Task objective.
Leaving the pictures aside, repeat each line below exactly.

Collected data entries:

((

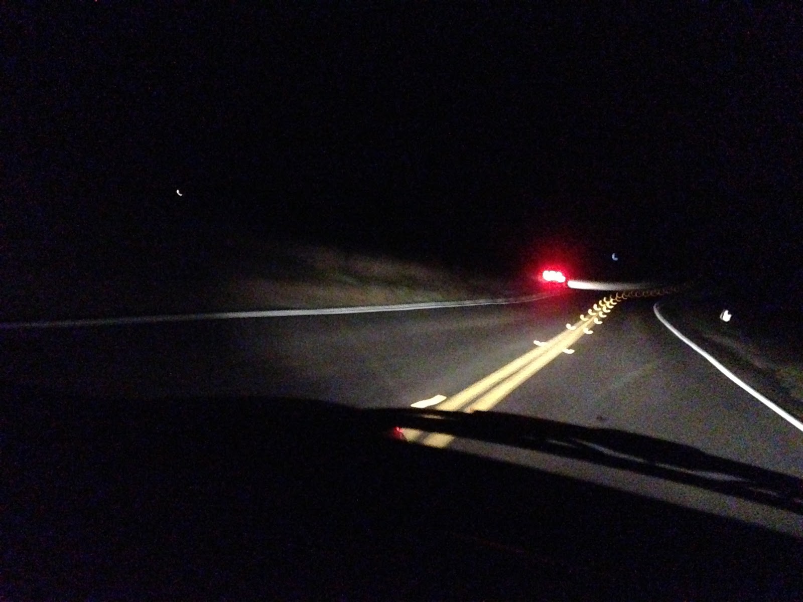 This is a photo shot with my iPhone on the way home, driving along the coast, the red lights being an approaching car. I discovered that if I touched my brakes, I saw the road reflectors light up red in my rear view mirror. So I’d touch the brake pedal every once in a while, see the string of red lights in the mirror, then focus back on the road in front. It was like a light show, with this music on Sirius Radio: Meet Me in the Morning by Bob Dylan, Rambling Man by Waylon, then Bring Back Joe by Scotty McCreery. Fahhr out!
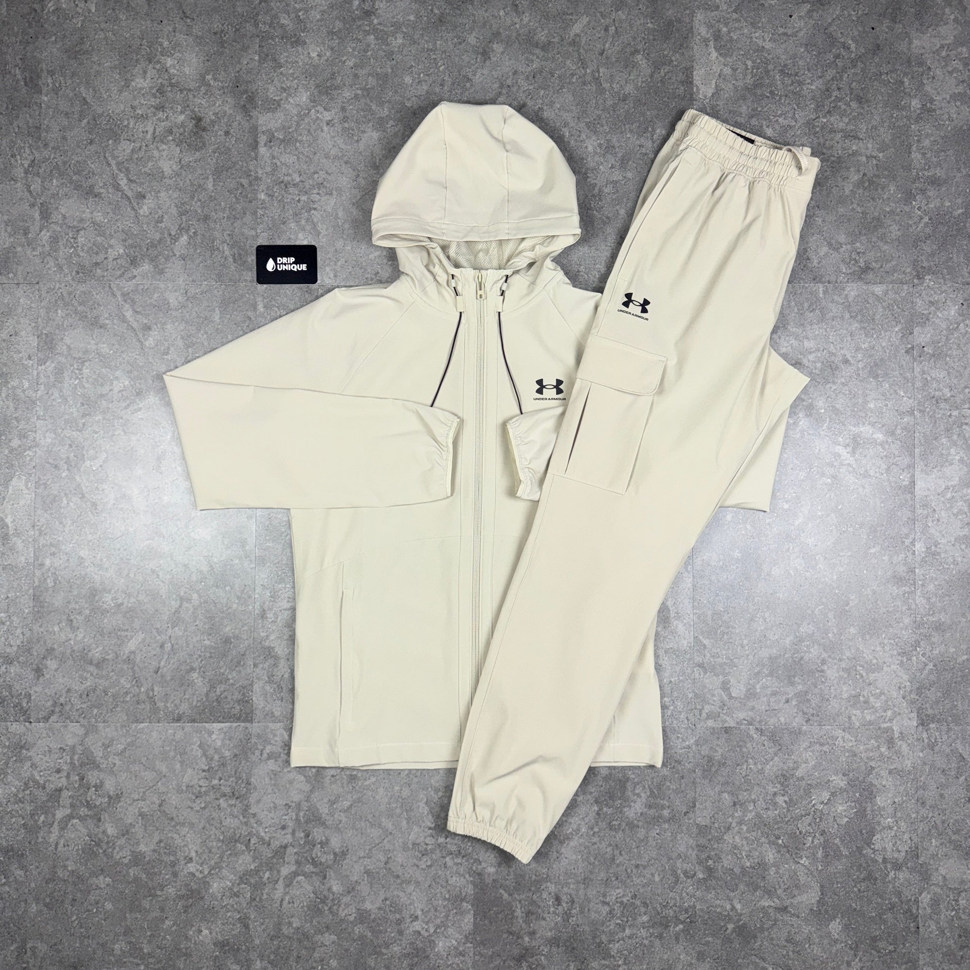 Level up your wardrobe with the new Under Armour Woven Tracksuit in a Stone Colourway. This Under Armour Tracksuit offers a comfortable, relaxed fit with large pockets and additional cargo style pockets on the side. The Elasticated cuffs ensure you have a snug and secure fit and the lightweight, breathable material keeps you cool and dry, making this a must have set for any occasion.
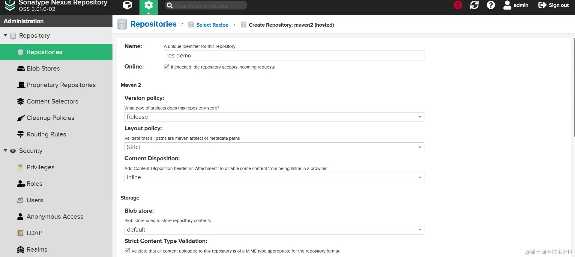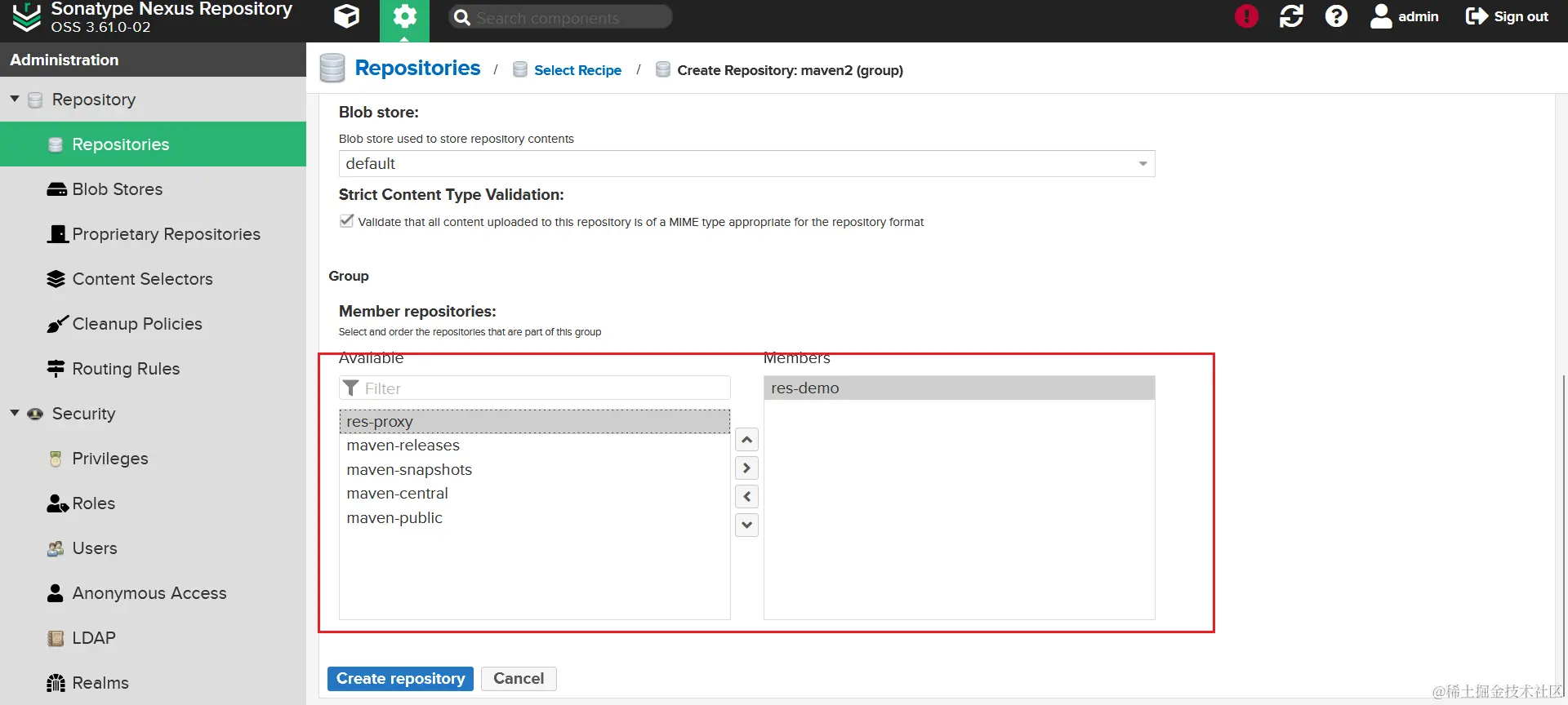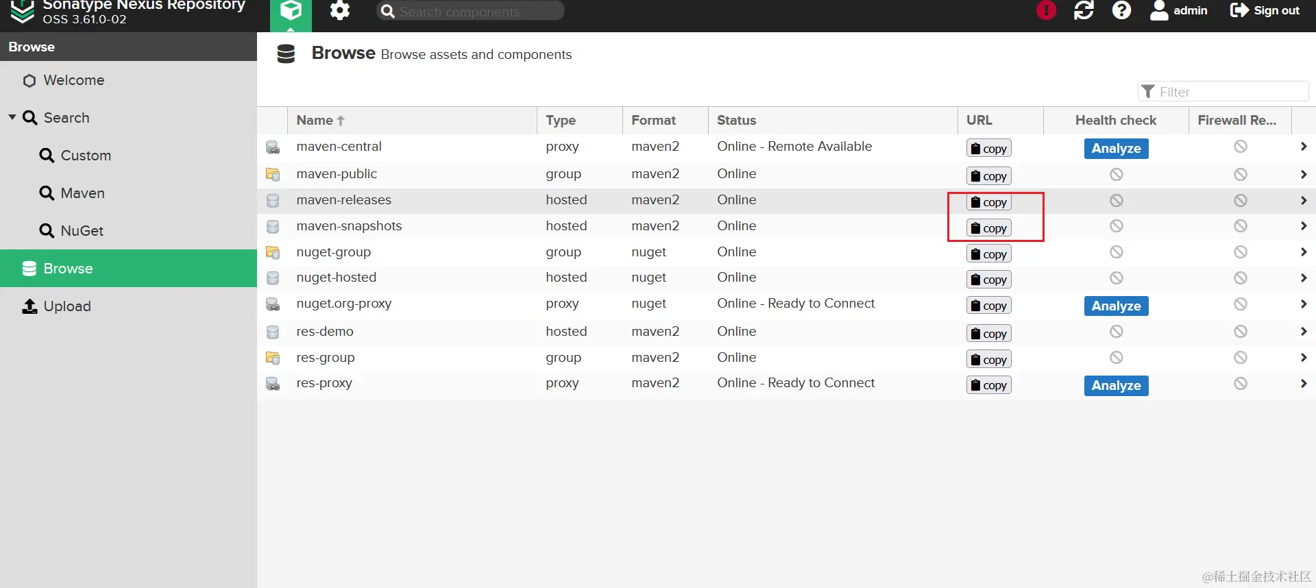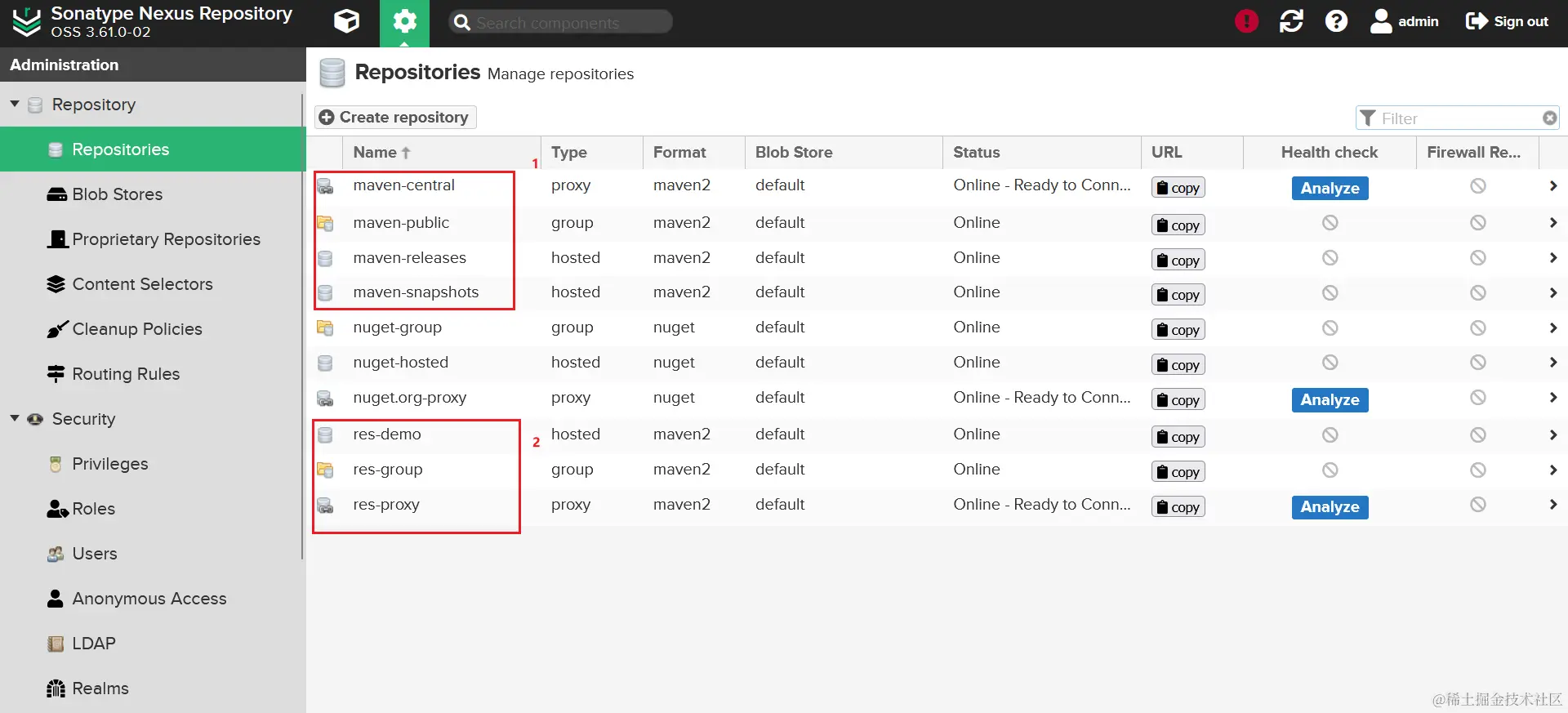 因为发布 jar 包涉及到 snapshots 和 releases 仓库,所以需要配置这两个的仓库的访问权限,同样的这是针对禁用了匿名访问的操作的,如果没有禁用匿名访问,这里依然不用配置。
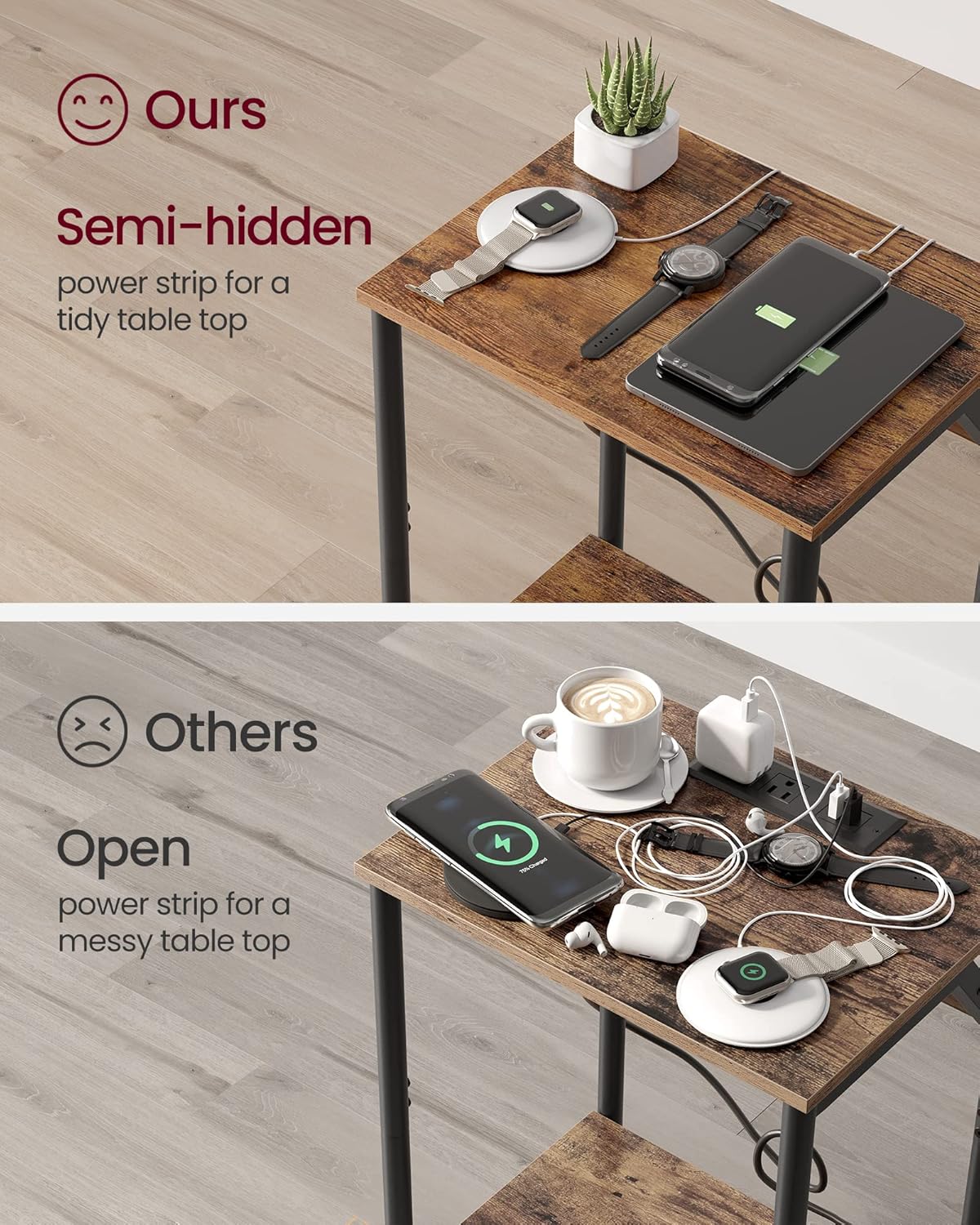 WARNING: This product Table with Charging Station, set of 2, Small Side Tables for Living Room, Bedroom, Nightstand with Outlets and USB Ports, Bedside Table with Storage Shelf, Rustic Brown and Black requires assembly. Always follow the instructions provided. Do not exceed the maximum weight limit of 66 lb (30 kg) for the table top and 44 lb (20 kg) for the bottom shelf. Ensure the product is stable and properly anchored to prevent tipping or collapse, especially in tight spaces.
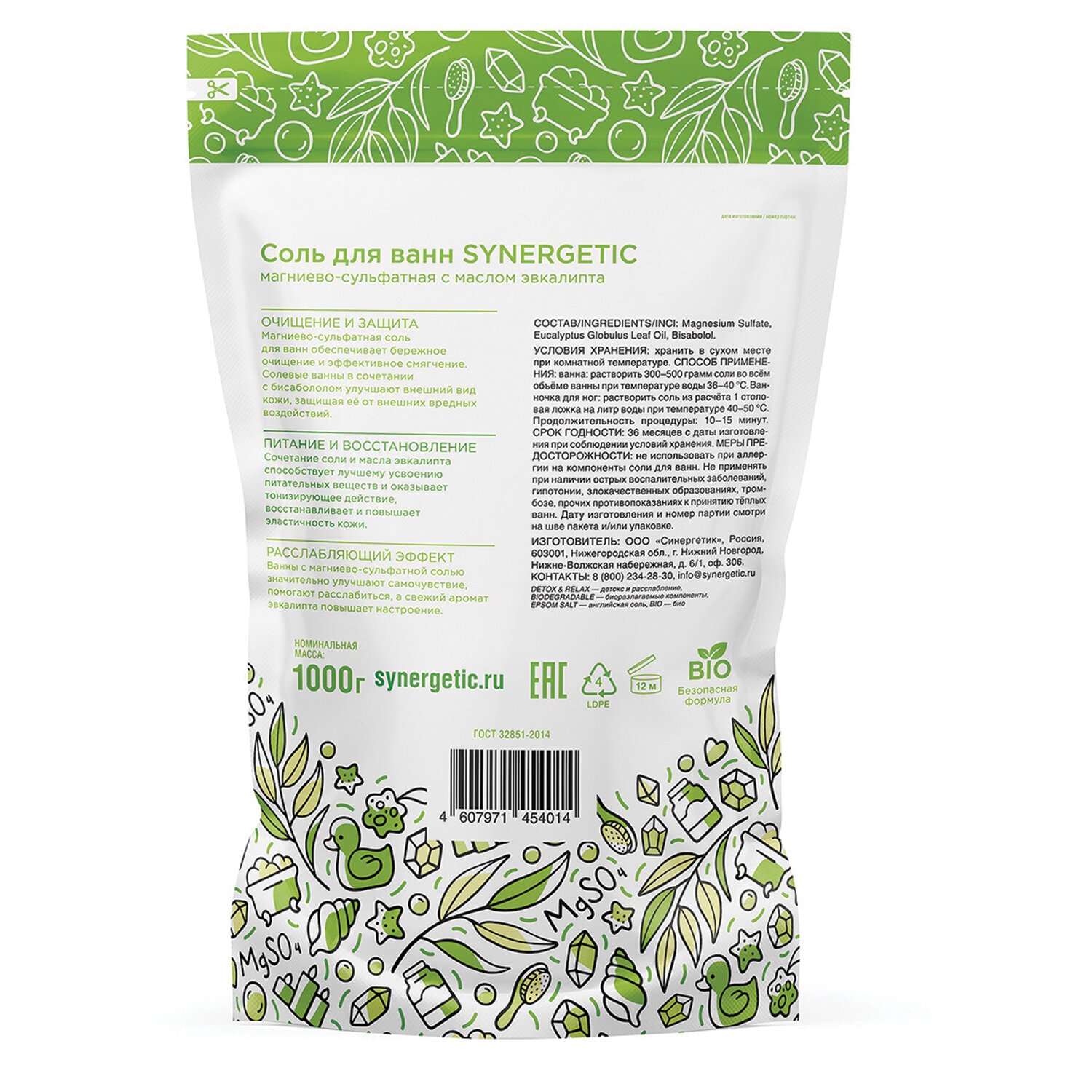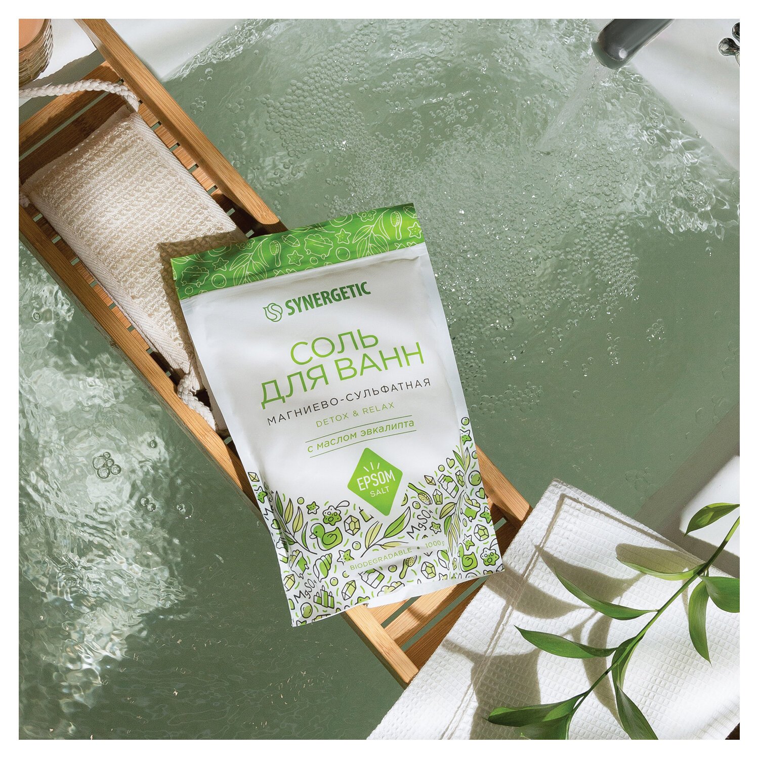 Соль для ванн 1 кг SYNERGETIC "Детокс и расслабление", магниево-сульфатная с эвкалиптом, 300013
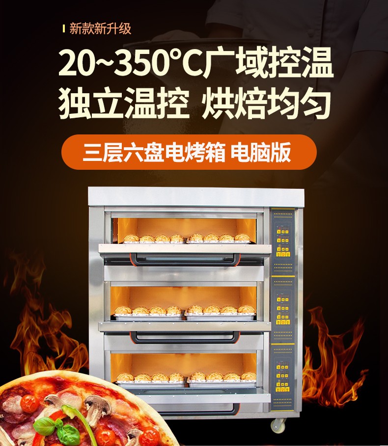 名稱三層六盤電腦版電烤箱 電源380V 功率19.8Kw 產(chǎn)量 尺寸1255*816*1455 mm 重量240KG 規(guī)格三層六盤 其他
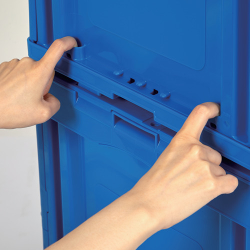 ●短側面に指がかけられるリブ(アシストロック機能)がついているので、段積み状態でも組付けが可能です。

))

Problem solution.
 This is a photo shot with my iPhone on the way home, driving along the coast, the red lights being an approaching car. I discovered that if I touched my brakes, I saw the road reflectors light up red in my rear view mirror. So I’d touch the brake pedal every once in a while, see the string of red lights in the mirror, then focus back on the road in front. It was like a light show, with this music on Sirius Radio: Meet Me in the Morning by Bob Dylan, Rambling Man by Waylon, then Bring Back Joe by Scotty McCreery. Fahhr out!
 Level up your wardrobe with the new Under Armour Woven Tracksuit in a Stone Colourway. This Under Armour Tracksuit offers a comfortable, relaxed fit with large pockets and additional cargo style pockets on the side. The Elasticated cuffs ensure you have a snug and secure fit and the lightweight, breathable material keeps you cool and dry, making this a must have set for any occasion.
 因为发布 jar 包涉及到 snapshots 和 releases 仓库,所以需要配置这两个的仓库的访问权限,同样的这是针对禁用了匿名访问的操作的,如果没有禁用匿名访问,这里依然不用配置。
 WARNING: This product Table with Charging Station, set of 2, Small Side Tables for Living Room, Bedroom, Nightstand with Outlets and USB Ports, Bedside Table with Storage Shelf, Rustic Brown and Black requires assembly. Always follow the instructions provided. Do not exceed the maximum weight limit of 66 lb (30 kg) for the table top and 44 lb (20 kg) for the bottom shelf. Ensure the product is stable and properly anchored to prevent tipping or collapse, especially in tight spaces.
 Соль для ванн 1 кг SYNERGETIC "Детокс и расслабление", магниево-сульфатная с эвкалиптом, 300013
 名稱三層六盤電腦版電烤箱 電源380V 功率19.8Kw 產(chǎn)量 尺寸1255*816*1455 mm 重量240KG 規(guī)格三層六盤 其他
 ●短側面に指がかけられるリブ(アシストロック機能)がついているので、段積み状態でも組付けが可能です。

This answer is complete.